# DATASET EXCERPTS
━━━━━━━━━━━━━━━━

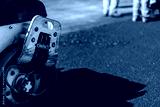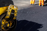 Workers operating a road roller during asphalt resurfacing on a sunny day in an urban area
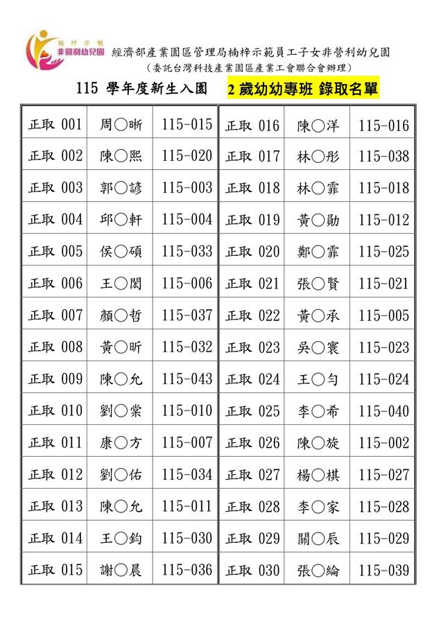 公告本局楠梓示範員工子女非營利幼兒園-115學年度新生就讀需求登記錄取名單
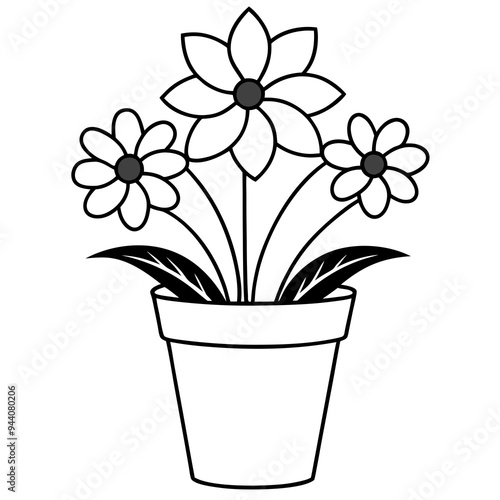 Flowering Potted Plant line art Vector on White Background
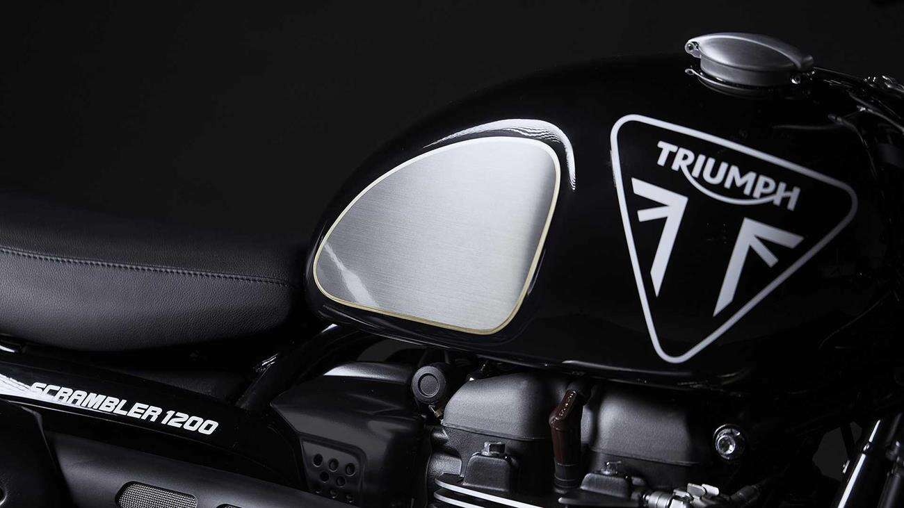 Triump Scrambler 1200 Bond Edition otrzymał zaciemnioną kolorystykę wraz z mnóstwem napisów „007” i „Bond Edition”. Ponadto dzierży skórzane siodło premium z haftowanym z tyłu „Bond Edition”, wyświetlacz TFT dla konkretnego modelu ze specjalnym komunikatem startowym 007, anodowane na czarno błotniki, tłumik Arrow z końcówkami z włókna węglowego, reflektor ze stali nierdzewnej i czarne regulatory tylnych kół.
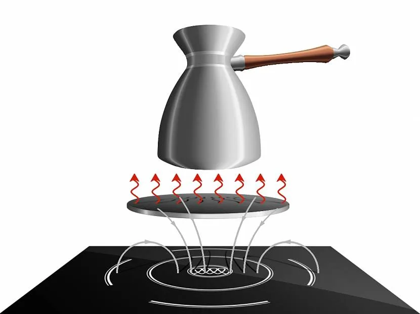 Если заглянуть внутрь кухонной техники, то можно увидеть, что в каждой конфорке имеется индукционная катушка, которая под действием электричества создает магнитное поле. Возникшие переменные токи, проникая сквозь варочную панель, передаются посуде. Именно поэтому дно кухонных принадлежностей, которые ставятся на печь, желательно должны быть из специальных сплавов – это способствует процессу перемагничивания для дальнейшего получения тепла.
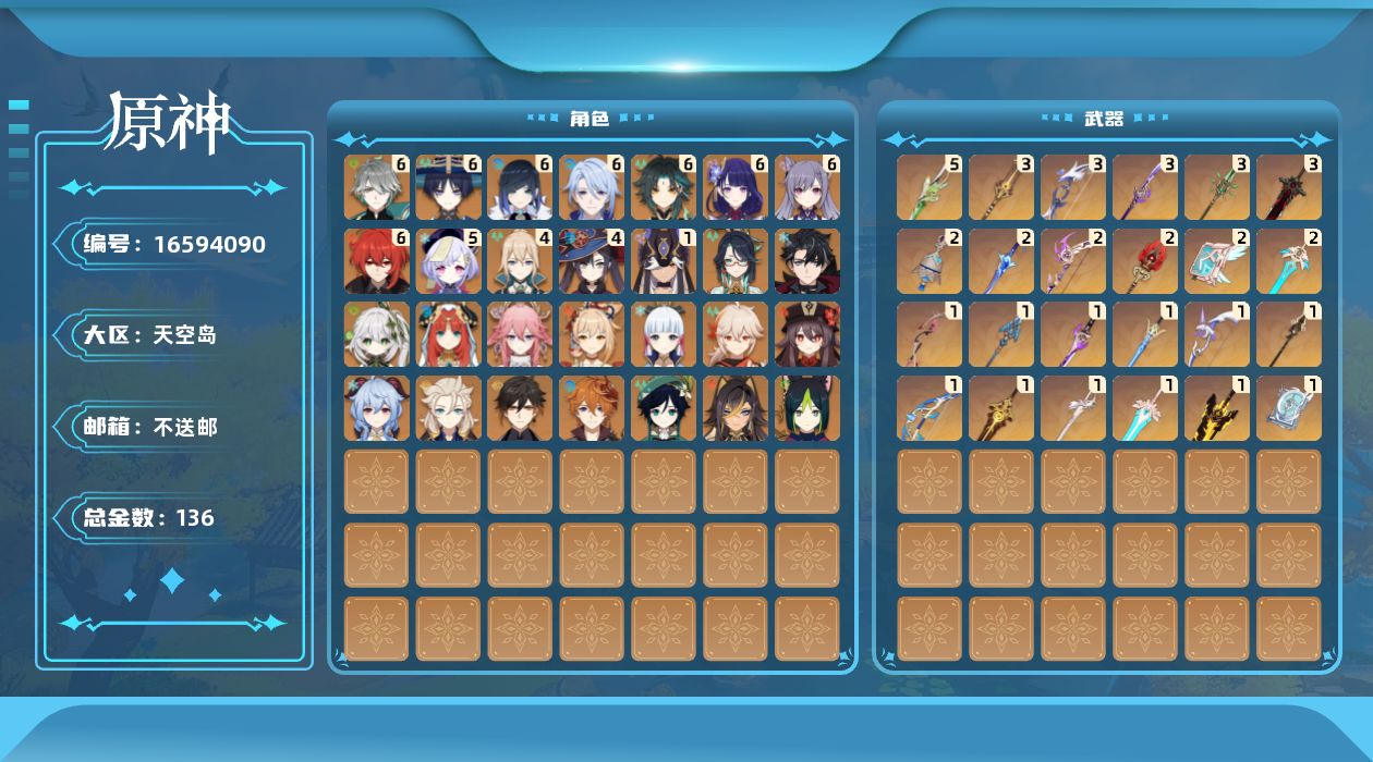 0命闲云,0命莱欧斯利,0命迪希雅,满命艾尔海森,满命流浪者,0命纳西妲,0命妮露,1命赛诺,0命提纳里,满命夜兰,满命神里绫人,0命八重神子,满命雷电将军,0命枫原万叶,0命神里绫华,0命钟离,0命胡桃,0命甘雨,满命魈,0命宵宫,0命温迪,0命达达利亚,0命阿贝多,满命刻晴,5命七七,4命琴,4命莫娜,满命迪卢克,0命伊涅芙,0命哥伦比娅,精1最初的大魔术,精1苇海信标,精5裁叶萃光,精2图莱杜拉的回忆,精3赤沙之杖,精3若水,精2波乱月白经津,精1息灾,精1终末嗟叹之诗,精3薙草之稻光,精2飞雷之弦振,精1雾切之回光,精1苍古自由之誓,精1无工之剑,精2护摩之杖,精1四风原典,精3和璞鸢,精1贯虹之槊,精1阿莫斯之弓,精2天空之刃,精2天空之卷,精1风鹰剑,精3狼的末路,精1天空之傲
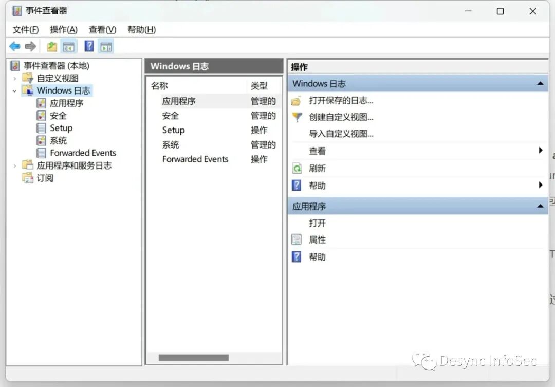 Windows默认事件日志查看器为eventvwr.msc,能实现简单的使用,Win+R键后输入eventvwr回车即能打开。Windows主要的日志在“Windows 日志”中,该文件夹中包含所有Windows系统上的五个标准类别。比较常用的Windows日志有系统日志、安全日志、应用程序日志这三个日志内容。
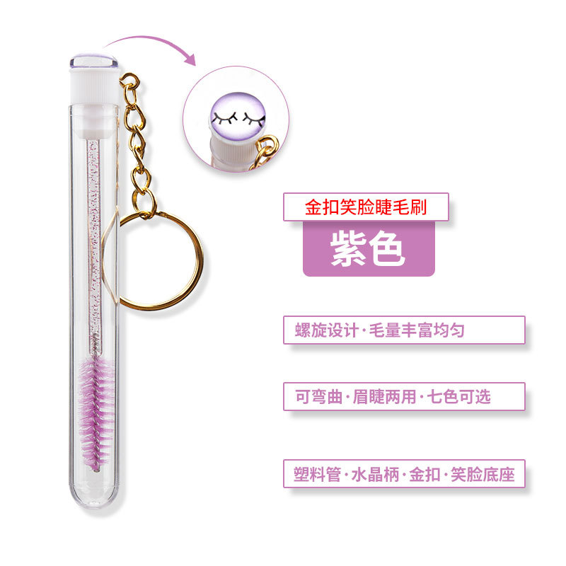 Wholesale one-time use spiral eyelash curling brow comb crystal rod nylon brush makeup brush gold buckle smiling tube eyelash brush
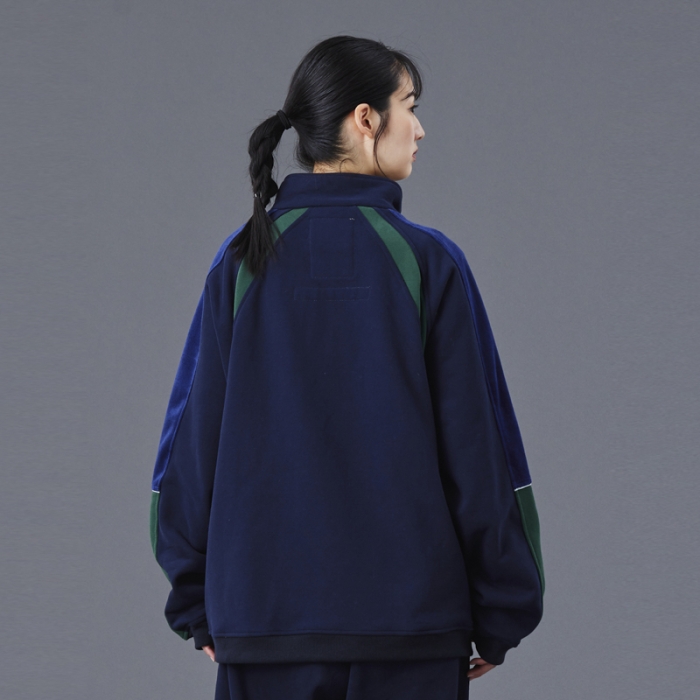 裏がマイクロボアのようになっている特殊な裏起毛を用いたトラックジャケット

━━━━━━━━━━━━━━━━

# EXERCISE
The answer must consist only of the lines from the beginning of the entries above through the line that holds "0命闲云,0命莱欧斯利,0命", reproduced exactly and without pictures.

# OUTPUT BELOW
 Workers operating a road roller during asphalt resurfacing on a sunny day in an urban area
 公告本局楠梓示範員工子女非營利幼兒園-115學年度新生就讀需求登記錄取名單
 Flowering Potted Plant line art Vector on White Background
 Triump Scrambler 1200 Bond Edition otrzymał zaciemnioną kolorystykę wraz z mnóstwem napisów „007” i „Bond Edition”. Ponadto dzierży skórzane siodło premium z haftowanym z tyłu „Bond Edition”, wyświetlacz TFT dla konkretnego modelu ze specjalnym komunikatem startowym 007, anodowane na czarno błotniki, tłumik Arrow z końcówkami z włókna węglowego, reflektor ze stali nierdzewnej i czarne regulatory tylnych kół.
 Если заглянуть внутрь кухонной техники, то можно увидеть, что в каждой конфорке имеется индукционная катушка, которая под действием электричества создает магнитное поле. Возникшие переменные токи, проникая сквозь варочную панель, передаются посуде. Именно поэтому дно кухонных принадлежностей, которые ставятся на печь, желательно должны быть из специальных сплавов – это способствует процессу перемагничивания для дальнейшего получения тепла.
 0命闲云,0命莱欧斯利,0命迪希雅,满命艾尔海森,满命流浪者,0命纳西妲,0命妮露,1命赛诺,0命提纳里,满命夜兰,满命神里绫人,0命八重神子,满命雷电将军,0命枫原万叶,0命神里绫华,0命钟离,0命胡桃,0命甘雨,满命魈,0命宵宫,0命温迪,0命达达利亚,0命阿贝多,满命刻晴,5命七七,4命琴,4命莫娜,满命迪卢克,0命伊涅芙,0命哥伦比娅,精1最初的大魔术,精1苇海信标,精5裁叶萃光,精2图莱杜拉的回忆,精3赤沙之杖,精3若水,精2波乱月白经津,精1息灾,精1终末嗟叹之诗,精3薙草之稻光,精2飞雷之弦振,精1雾切之回光,精1苍古自由之誓,精1无工之剑,精2护摩之杖,精1四风原典,精3和璞鸢,精1贯虹之槊,精1阿莫斯之弓,精2天空之刃,精2天空之卷,精1风鹰剑,精3狼的末路,精1天空之傲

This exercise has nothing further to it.